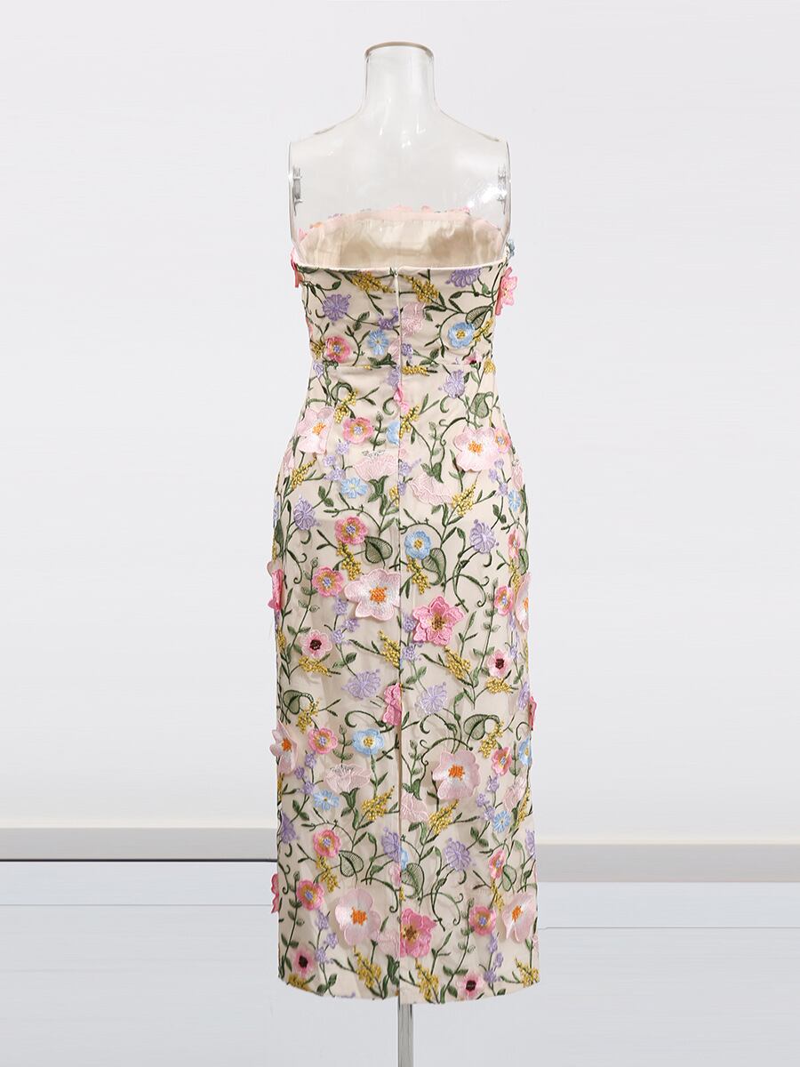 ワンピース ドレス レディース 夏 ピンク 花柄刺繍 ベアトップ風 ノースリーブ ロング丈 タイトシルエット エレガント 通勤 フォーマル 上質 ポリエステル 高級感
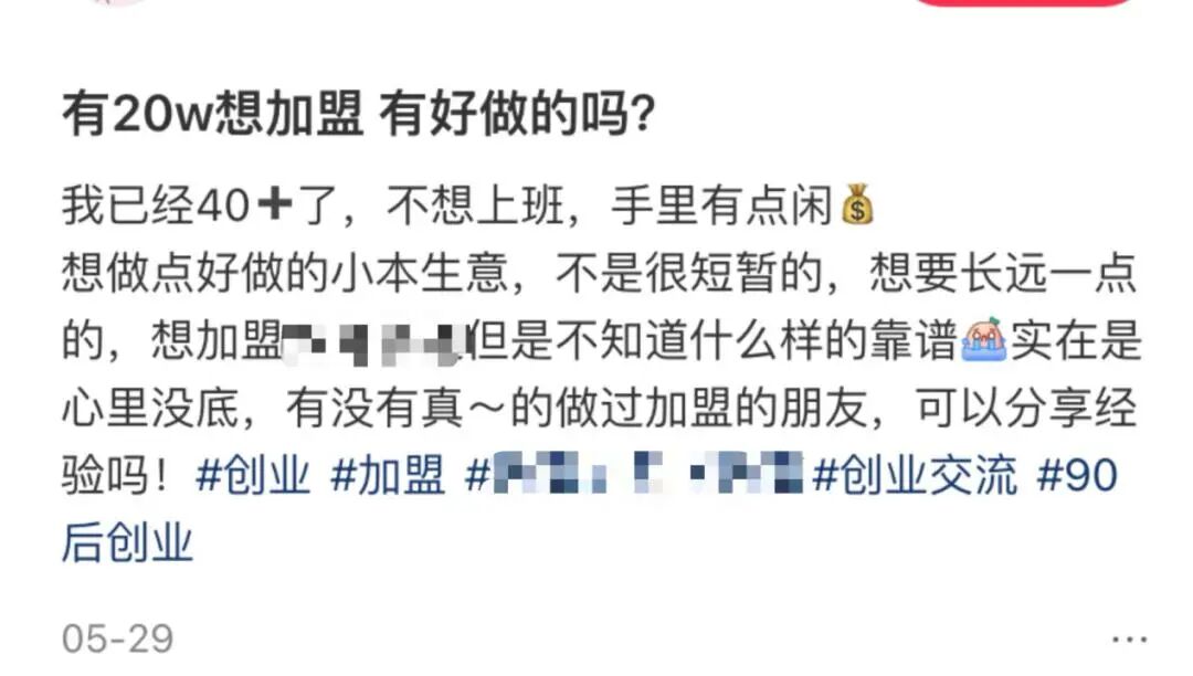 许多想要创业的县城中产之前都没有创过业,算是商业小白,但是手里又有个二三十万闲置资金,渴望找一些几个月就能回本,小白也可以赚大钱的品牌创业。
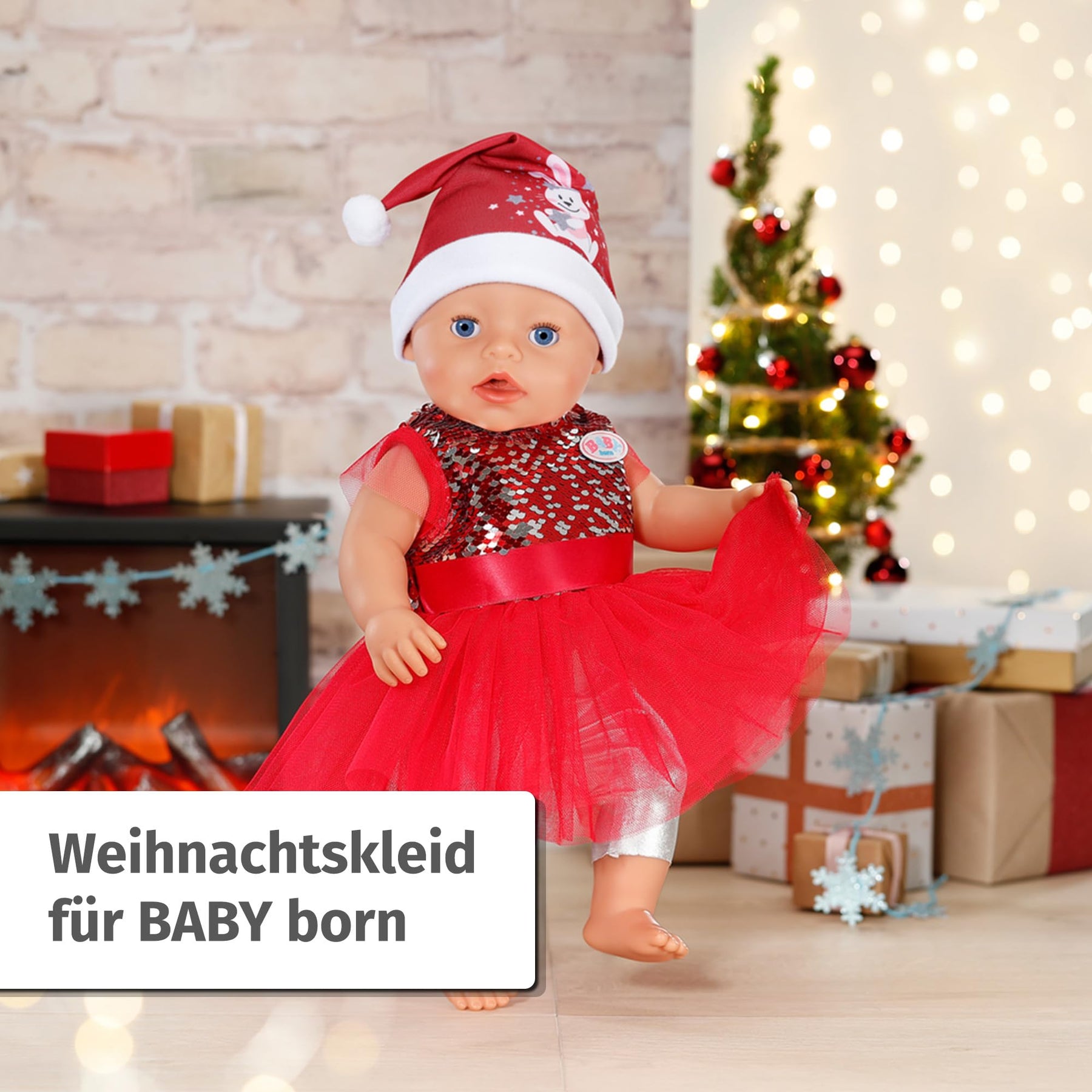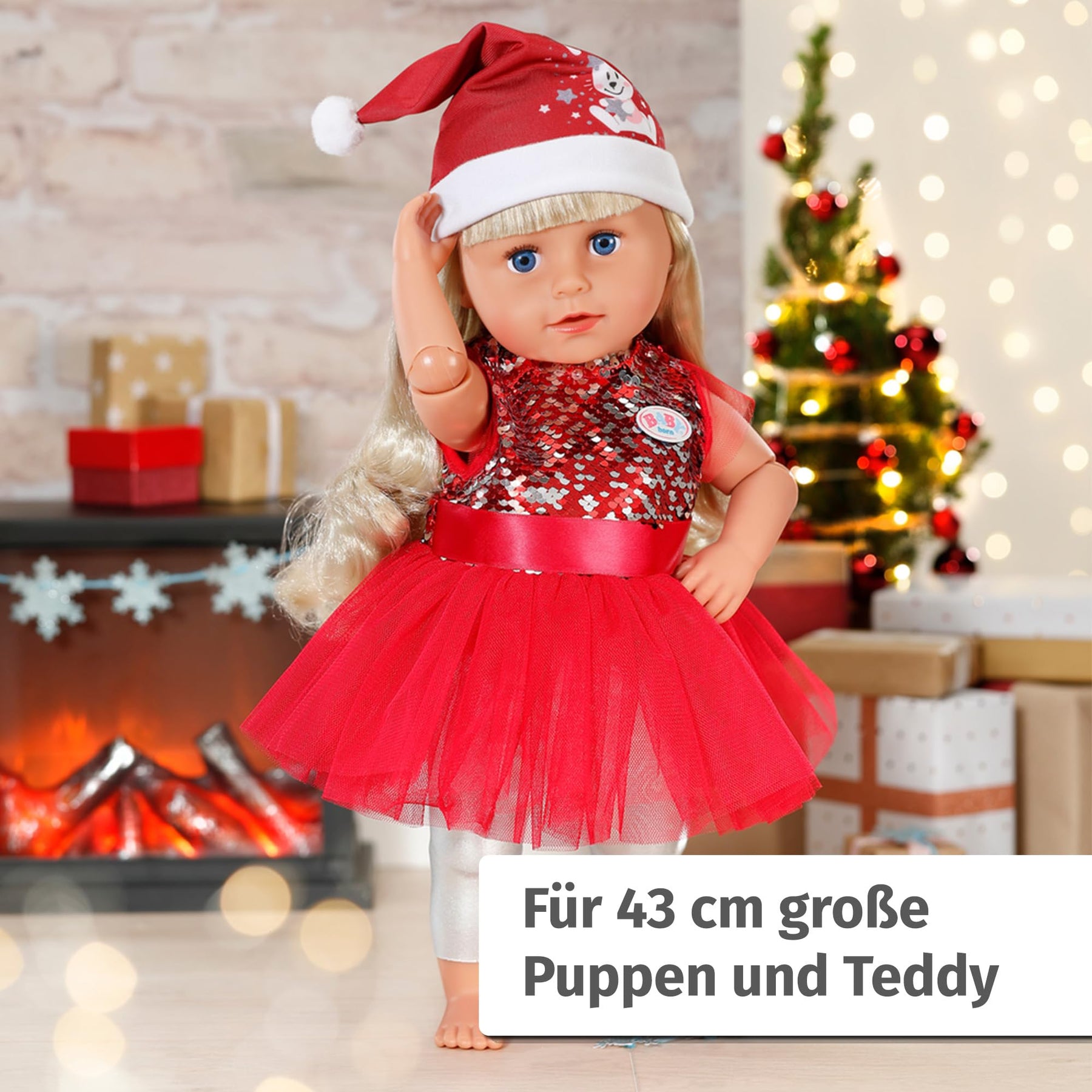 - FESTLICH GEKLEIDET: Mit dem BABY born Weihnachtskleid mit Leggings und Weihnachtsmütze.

^^^^^^^^^^^^^^^^

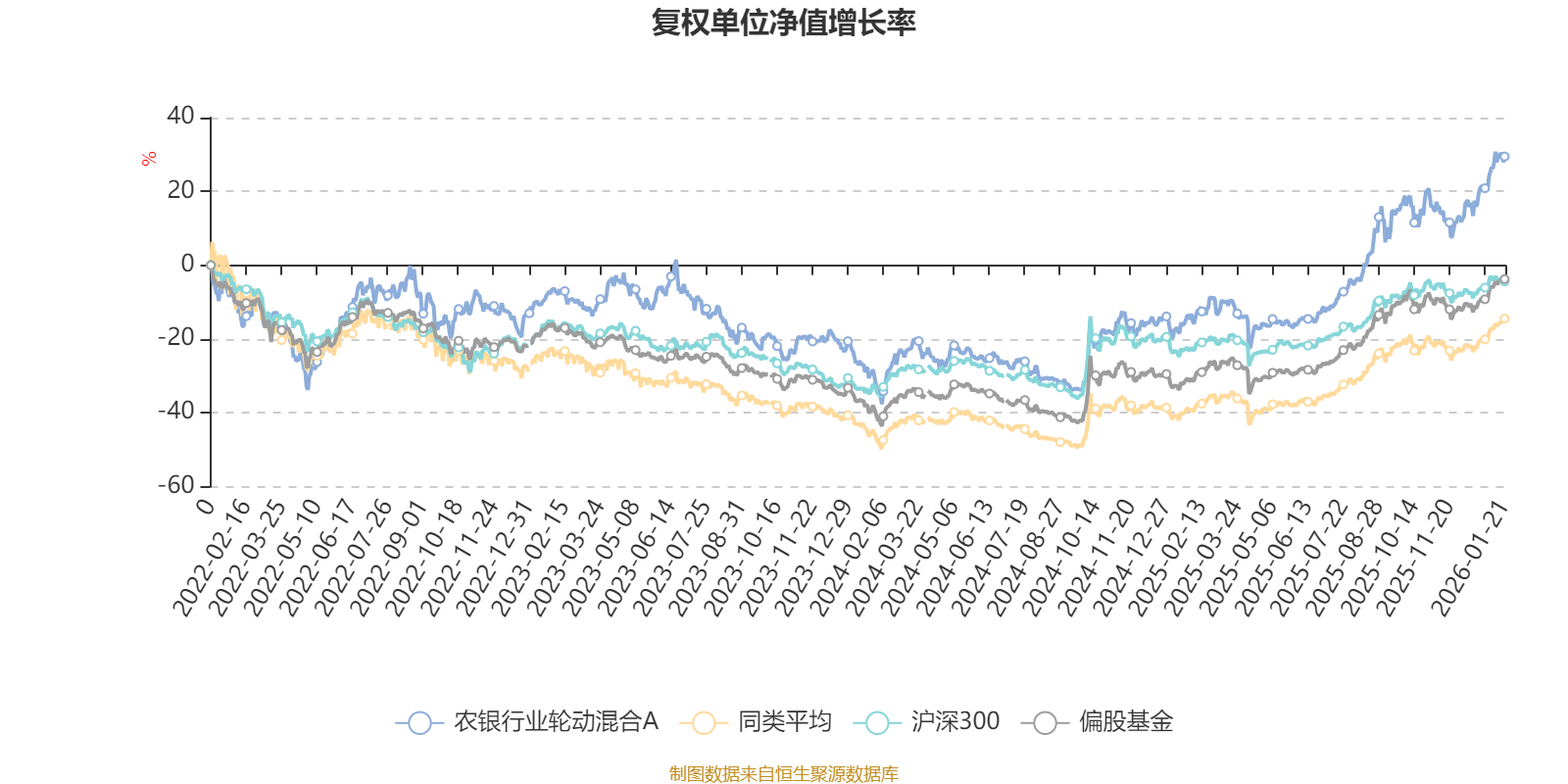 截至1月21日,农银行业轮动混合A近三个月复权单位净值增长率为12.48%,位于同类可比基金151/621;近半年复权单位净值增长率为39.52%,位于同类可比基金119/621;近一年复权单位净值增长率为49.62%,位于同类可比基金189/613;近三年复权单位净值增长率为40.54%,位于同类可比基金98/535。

^^^^^^^^^^^^^^^^

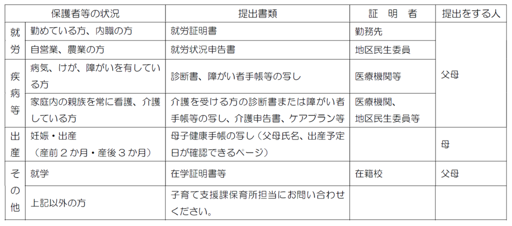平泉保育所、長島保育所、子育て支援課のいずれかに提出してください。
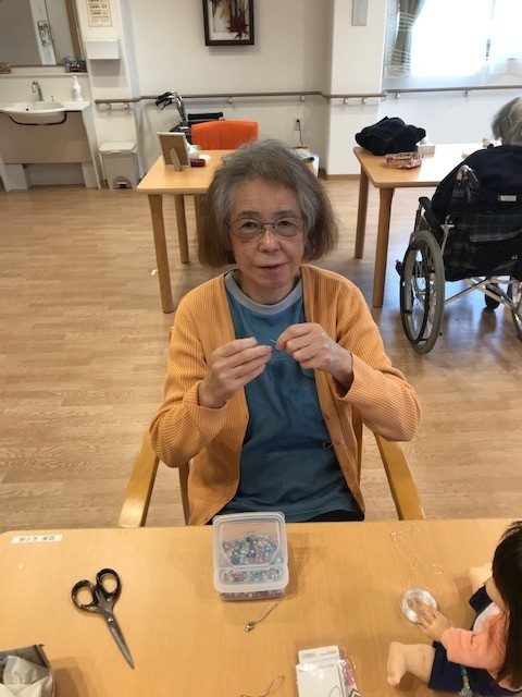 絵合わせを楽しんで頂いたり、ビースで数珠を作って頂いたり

^^^^^^^^^^^^^^^^

# TRY IT
In the records above, find the line containing "ワンピース ドレス レディース" and the line containing "- FESTLICH GEKLEIDET: Mit", then give both of them again word for word along with every line between. Omit any pictures.

# SOLUTION FOR THIS PROBLEM
 ワンピース ドレス レディース 夏 ピンク 花柄刺繍 ベアトップ風 ノースリーブ ロング丈 タイトシルエット エレガント 通勤 フォーマル 上質 ポリエステル 高級感
 许多想要创业的县城中产之前都没有创过业,算是商业小白,但是手里又有个二三十万闲置资金,渴望找一些几个月就能回本,小白也可以赚大钱的品牌创业。
 - FESTLICH GEKLEIDET: Mit dem BABY born Weihnachtskleid mit Leggings und Weihnachtsmütze.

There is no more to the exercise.